Regarding your question:
I rather have the sentinels be in the same server as the master/slave to reduce latency.
Notice that Sentinels keep track of the current master and slaves, but the Redis clients do not connect to the Master VIA the Sentinels, they just get where the current master is via the Sentinels, e.g., in terms of reads and writes you're not looking into any considerable* latency gains.
Configuration provider. Sentinel acts as a source of authority for clients service discovery: clients connect to Sentinels in order to ask for the address of the current Redis master responsible for a given service. If a failover occurs, Sentinels will report the new address.
(see: http://redis.io/topics/sentinel)
The way I see it the only gains you have in terms of latency are the heartbeats sent from the Master and Slaves to the sentinel. As long as you are not spreading your servers through the whole world that should be ok.

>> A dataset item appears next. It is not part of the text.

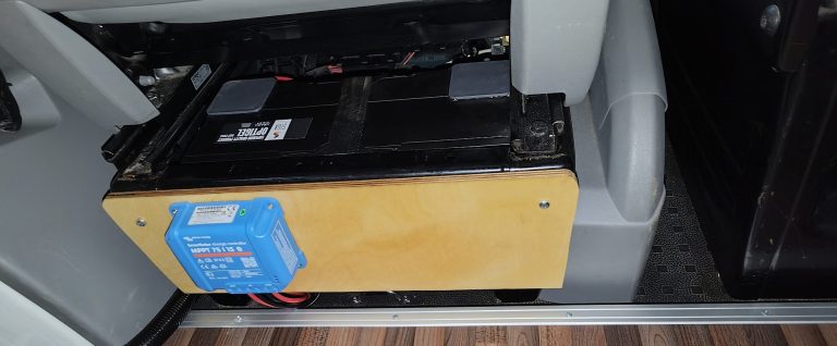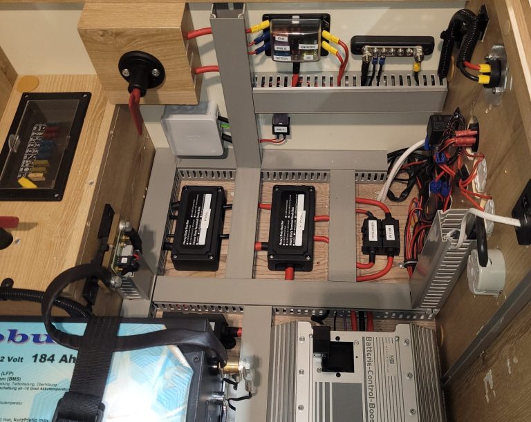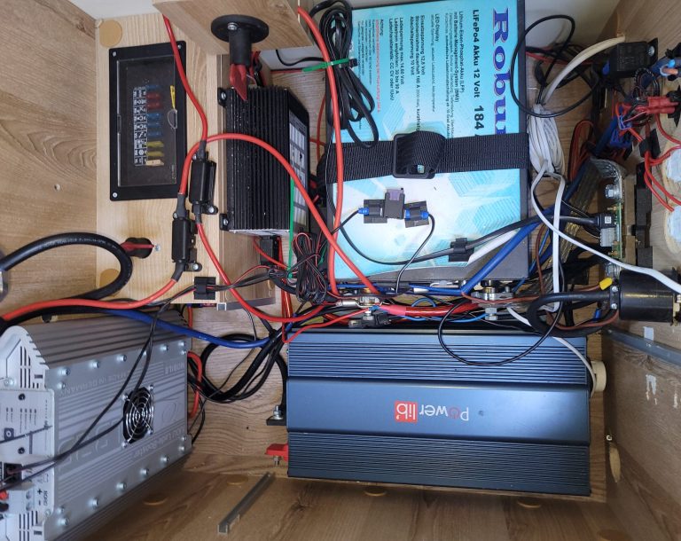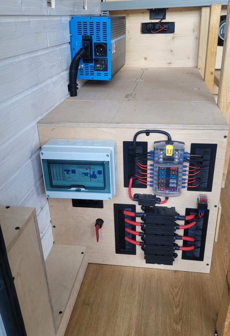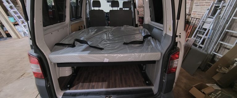 Ein vorgefertigtes Bettgestell passend zu dem T5, sorgt für eine komfortable Schlafmöglichkeit und optimalen Stauraum darunter. Für die elektrische Versorgung wurde eine Zusatzbatterie unter dem Fahrersitz installiert, ergänzt durch ein leistungsstarkes Ladegerät und ein Batterieüberwachungssystem zur sicheren Kontrolle aller Verbraucher.

It all depends on the use cases, but it seems you would do best to keep things as separate as possible if all other things are equal (costs, distance to clients, etc).

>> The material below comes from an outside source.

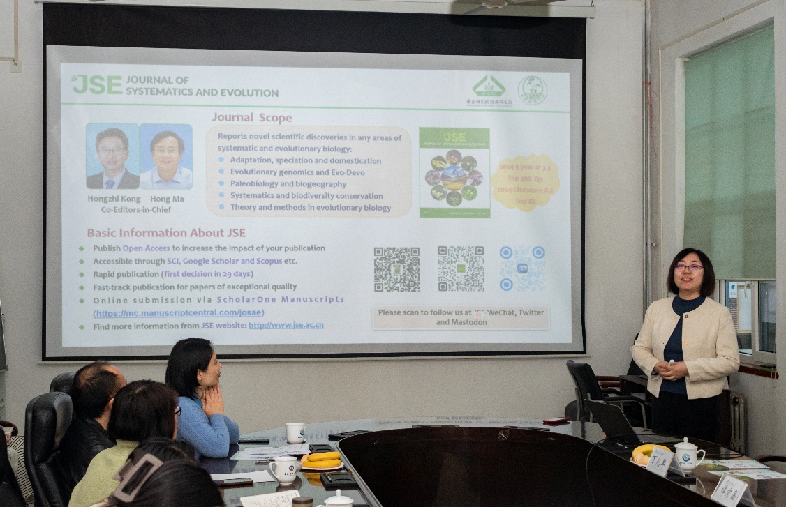 随后,中国科公司植物研究所副编审、《Journal of Systematics and Evolution》(JSE)编辑部主任谭京晶博士带来题为《洞悉期刊发展,提升发表效能:JSE 的改革实践及其对青年学者投稿的启示》的报告。她重点分享了 JSE引领学科发展的改革实践,并从编辑与编委的角度针对青年学者投稿过程中常见的格式规范、语言表达、审稿意见回应等问题提供了实用建议。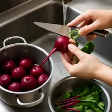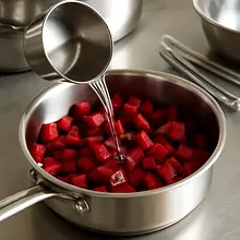 Check if you have cooked and peeled beets. If not: wash the beets, trim the leaves (leave 2 cm of the stems to prevent color loss), place them whole in a pot filled with cold water so that they are covered. Add 1 teaspoon of salt (about 5 g). Cook over medium heat with the lid slightly ajar for 45–60 minutes depending on size: small 30–40 min, medium 45 min, large 60 min. Check with a fork — it should easily pierce the beet. If you prefer roasting: wrap the beets in foil and bake at 200°C for 50–70 minutes.

You can have sentinels on the same machine with master/slave, but the sentinels must be odd(3/5/7) in number. There should be atleast three sentinels and it is must to have a dedicated machine for atleast one sentinel.
If you have only two nodes, then in case of a split-brain (network disrupt) situation, the slave will be promoted to master. Both the master now will accept data from clients.However, when things come back to normal, one of the master will be demoted as a slave. That master will lose all of its data as it is a slave now and will replicate the data from current master.
check this for good a explanation of redis architectural desings and split-brain:
https://web.archive.org/web/20170527053749/http://www.yzuzun.com/2015/04/some-architectural-design-concepts-for-redis/
It's certainly not a recommended approach.
The Redis Sentinel docs explains the tradeoffs pretty well. Hope this helps.
https://redis.io/topics/sentinel#example-sentinel-deployments
We have a redis cluster with a master and a slave managed by three sentinel processes, and an additional remote slave, hosted in a different datacenter, for transparent failover and data preservation in the case that something bad happens to the master and slave machines.
It may happen that a transient error takes down the master redis process only, and in this situation we would like to see the slave process promoted to master, and the remote slave reslaved to it. However, it seems that sentinel could just as easily promote the remote slave to master, and we have not found any way to prevent this.
Is there any way to mark a particular slave machine as unpromotable, so that sentinel will not try to make it the master in the event of a failover?
Yes. In the slave's config file set the slave-priority setting to zero (the number not the word).